Provided data Block Start

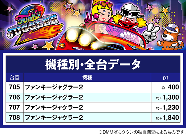 4台設置の「ファンキージャグラー2」では、2台が約+1,300pt以上を記録。
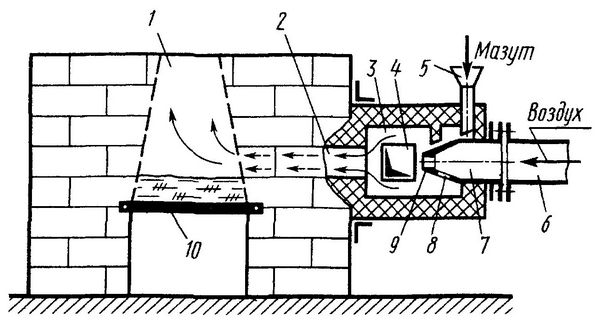 Горны, работающие на жидком или газообразном топливе, – это нагревательные устройства камерного или шахтного типа (рис. 1.1.12), состоящие из камеры нагрева (п.1) и топочной камеры (п.3). Обе камеры изнутри облицованы огнеупорным материалом. Воздух в камеру поступает по патрубку (п.6) через коническое сопло (п.7) и отверстия (п.9) и (п.8). Топливо подается сверху через воронку (п.5), стекает по соплу (п.7) и подхватывается струей воздуха, распыляется и сгорает. Разжигают смесь через специальное окно (п.4), в которое вводят горящий факел. По мере разогрева камеры увеличивают подачу воздуха и топлива и устанавливают необходимый режим горения.
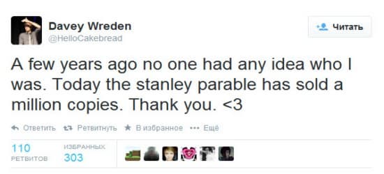 Создатель The Stanley Parable Дэйви Вреден (Davey Wreden) на своей twitter-страничке оставил следующее сообщение: «Несколько лет назад обо мне никто не слышал. А сегодня продажи The Stanley Parable превышают 1 млн копий. Спасибо вам».
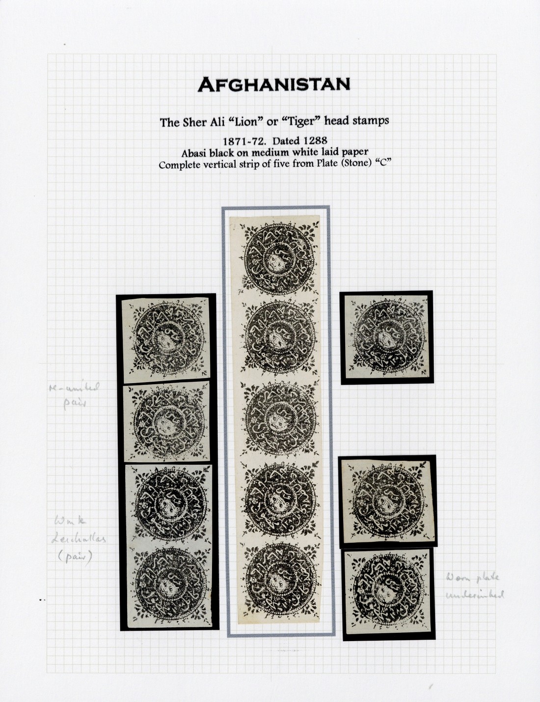 Plate C Shahi, Sanar and Abasi black, collection of thirty-seven, including complete reconstruction of fifteen types (ex Dietrich), Abasi unused pair and strip of five, Sanar on cover with "bite", usual mixed condition. S.G. 3, 6, 8
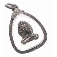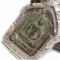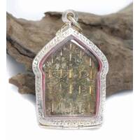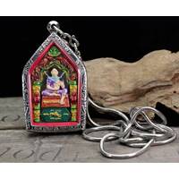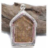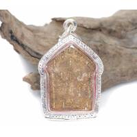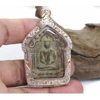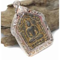 Old Mini Phra Sang Kat Chai Rare Thai Amulet Pendan Copper Material Silver Case Protect Life The Power Nice Magic Holy
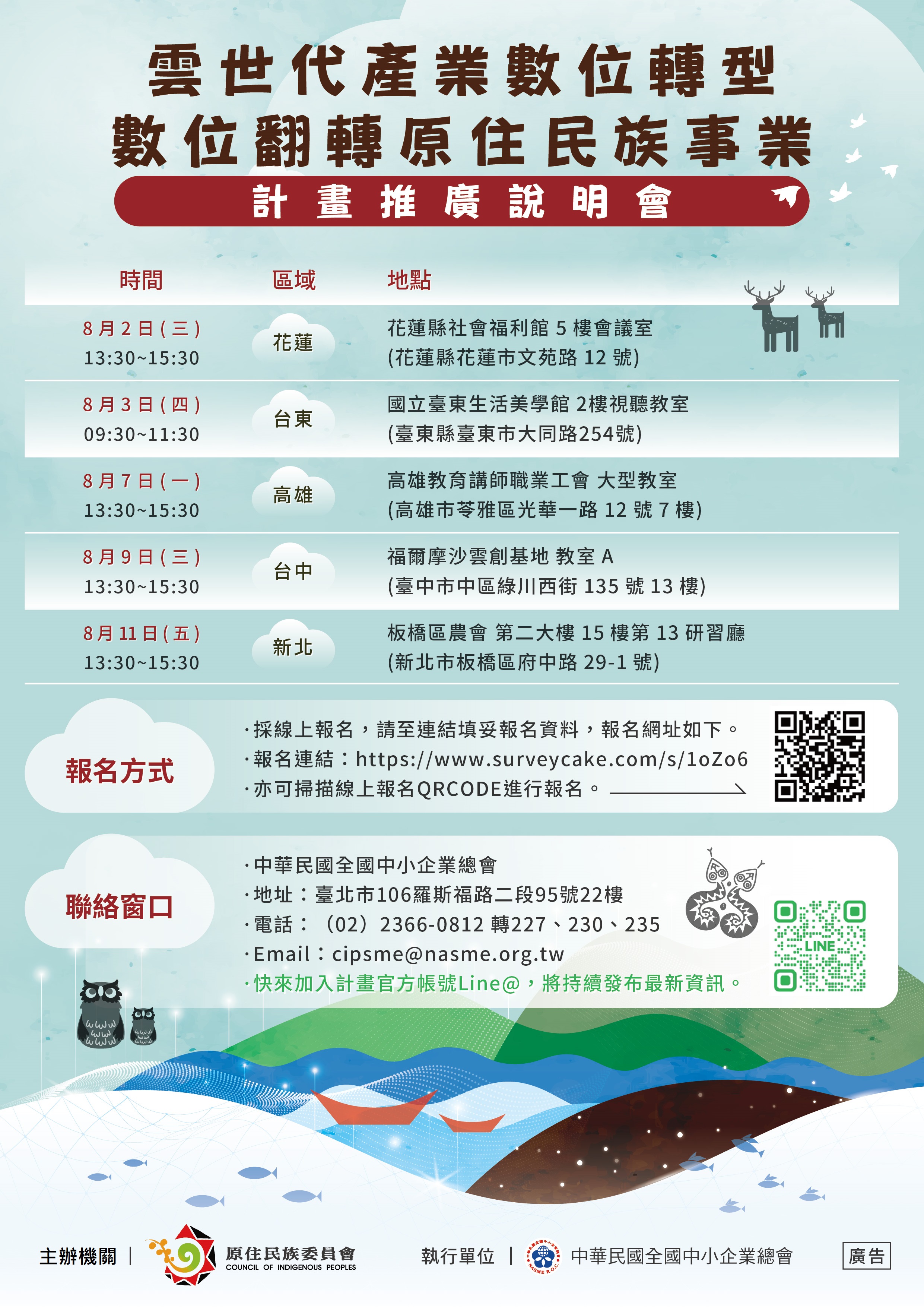 活動快訊 雲世代產業數位轉型-數位翻轉原住民族事業 歷史訊息 | 發布日期 2023/07/31~2023/08/31 | 發佈單位: 民政處原住民暨民族事務科 | 發佈日期: 王韻雯 7223329 | 更新日期 2023/07/31 | 瀏覽人數: 139人 一、為持續協助原住民族企業數位轉型,以進一步提升營運效能,原住民族委員會訂於112年8月2日至8月11日期間,分別假花蓮、臺東、高雄、臺中、新北等地辦理5場說明會。 二、報名方式皆採線上報名(https://www.surveycake.com/s/1oZo6)。 三、旨揭計畫相關資訊及申請須知,請逕上原住民族委員會官方網站最新消息查詢:https://www.cip.gov.tw/。 四、詳情請聯絡資訊聯絡人:原住民族委員會鄭專員02-89953212。

Provided data Block End

Task directions:
Repeat the full set of records exactly, and output no pictures.

Result of the exercise:
 4台設置の「ファンキージャグラー2」では、2台が約+1,300pt以上を記録。
 Горны, работающие на жидком или газообразном топливе, – это нагревательные устройства камерного или шахтного типа (рис. 1.1.12), состоящие из камеры нагрева (п.1) и топочной камеры (п.3). Обе камеры изнутри облицованы огнеупорным материалом. Воздух в камеру поступает по патрубку (п.6) через коническое сопло (п.7) и отверстия (п.9) и (п.8). Топливо подается сверху через воронку (п.5), стекает по соплу (п.7) и подхватывается струей воздуха, распыляется и сгорает. Разжигают смесь через специальное окно (п.4), в которое вводят горящий факел. По мере разогрева камеры увеличивают подачу воздуха и топлива и устанавливают необходимый режим горения.
 Создатель The Stanley Parable Дэйви Вреден (Davey Wreden) на своей twitter-страничке оставил следующее сообщение: «Несколько лет назад обо мне никто не слышал. А сегодня продажи The Stanley Parable превышают 1 млн копий. Спасибо вам».
 Plate C Shahi, Sanar and Abasi black, collection of thirty-seven, including complete reconstruction of fifteen types (ex Dietrich), Abasi unused pair and strip of five, Sanar on cover with "bite", usual mixed condition. S.G. 3, 6, 8
 Old Mini Phra Sang Kat Chai Rare Thai Amulet Pendan Copper Material Silver Case Protect Life The Power Nice Magic Holy
 活動快訊 雲世代產業數位轉型-數位翻轉原住民族事業 歷史訊息 | 發布日期 2023/07/31~2023/08/31 | 發佈單位: 民政處原住民暨民族事務科 | 發佈日期: 王韻雯 7223329 | 更新日期 2023/07/31 | 瀏覽人數: 139人 一、為持續協助原住民族企業數位轉型,以進一步提升營運效能,原住民族委員會訂於112年8月2日至8月11日期間,分別假花蓮、臺東、高雄、臺中、新北等地辦理5場說明會。 二、報名方式皆採線上報名(https://www.surveycake.com/s/1oZo6)。 三、旨揭計畫相關資訊及申請須知,請逕上原住民族委員會官方網站最新消息查詢:https://www.cip.gov.tw/。 四、詳情請聯絡資訊聯絡人:原住民族委員會鄭專員02-89953212。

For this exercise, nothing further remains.